Put differently: The artificially created climate-economy and the newly engineered war-economy sectors—both funded by taxes and debt, i.e., by robbing the future—are colossal impoverishment programs. They are anti-civilizational and breathe a profoundly anti-democratic spirit because they rely on centralized command structures and the political consolidation of power. Merz is the anti-Milei—a statist central planner whose only strategy for dealing with the Argentine president was to smear him as “far right” with the help of likeminded state-loyal media. A sad attempt to distract from his own bloodless and intellectually timid policies.
But Javier Milei, the first genuinely libertarian politician ever to take the reins of a major state, is operating in an extremely tense environment. His gradual liberalization—the step-by-step dismantling of the state—provokes dissatisfaction on all sides. On one side are the Peronists and socialists, who need the strong state not out of conviction but because it sustains their vast networks of corruption. On the other side is Milei’s own libertarian camp—the purists who lament that Argentina still has a central bank and that reform is moving too slowly. They refuse to recognize that politics, if it is to be sustainable, must ensure that the speed of transformation does not cause the social body—social security, healthcare, aid for the poor—to collapse. The strong performance of Milei’s “Partido Libertario” in the October midterms shows that he has found the right balance between reform speed and structural change. A balance that Argentina’s middle class, above all, appreciates.

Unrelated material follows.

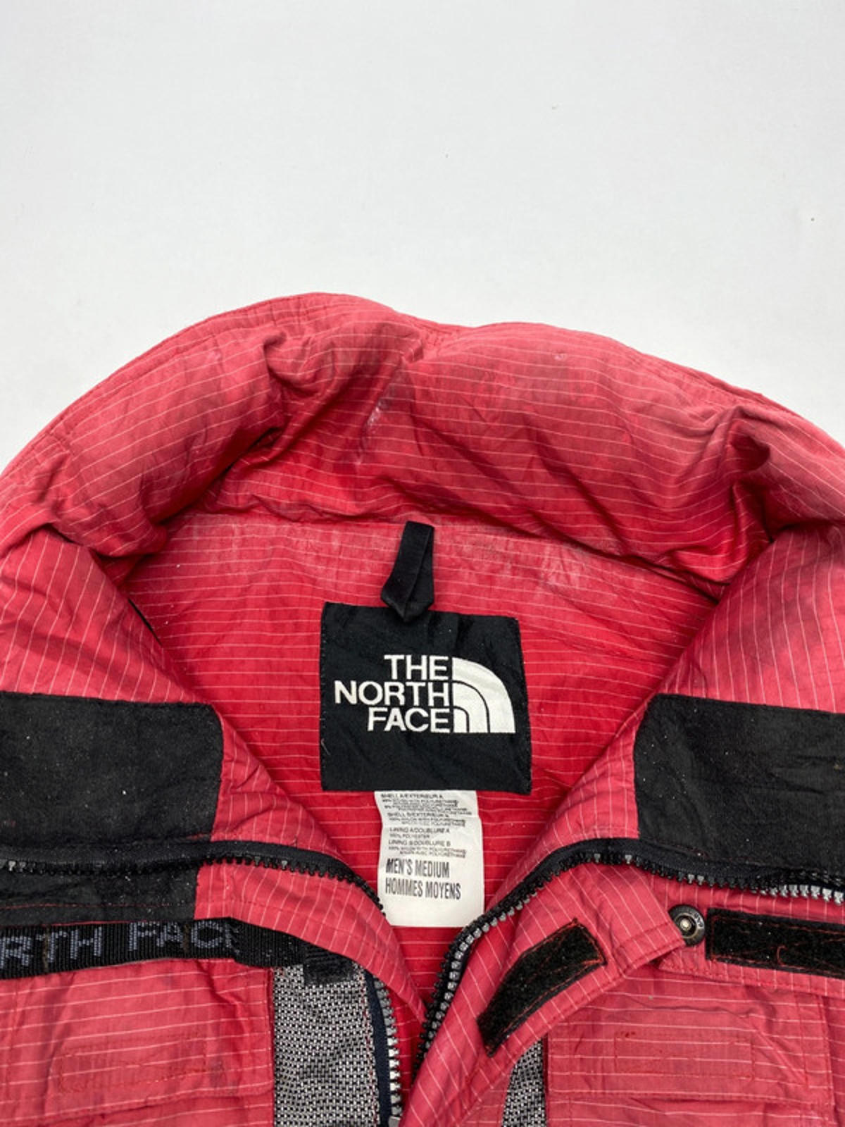 Vintage The North Face ski/snow jacket in a red, black, and grey panel design. Built for durability and cold weather performance, featuring multiple front pockets, storm flap, and adjustable cuffs. Ideal for skiing, hiking, or as a retro outerwear piece.

And this is precisely what could become dangerous for Europe’s eco-socialists. Because Milei’s success resonates far beyond Argentina. It is noticed—particularly in the very social networks that Brussels is trying to undermine with censorship. There is a growing sense that a digital opposition is forming, learning from Argentina and preparing to confront Europe’s centralizers with uncomfortable truths. In Chile, the German-Chilean José Antonio Kast won the first round of the presidential election with a clear lead—running on a platform that mirrors Milei’s. And in Peru and Colombia, market-liberal politicians are already preparing the ground for similar movements in the coming years. Is South America—long politically fragmented and unstable—about to become the world’s new cradle of liberalism?
From Germany’s perspective, one can only hope that Milei’s agenda eventually gains broader recognition here as well. It would be the foundation of a badly needed restart for a country whose fiscal, migration, and economic policies have completely derailed.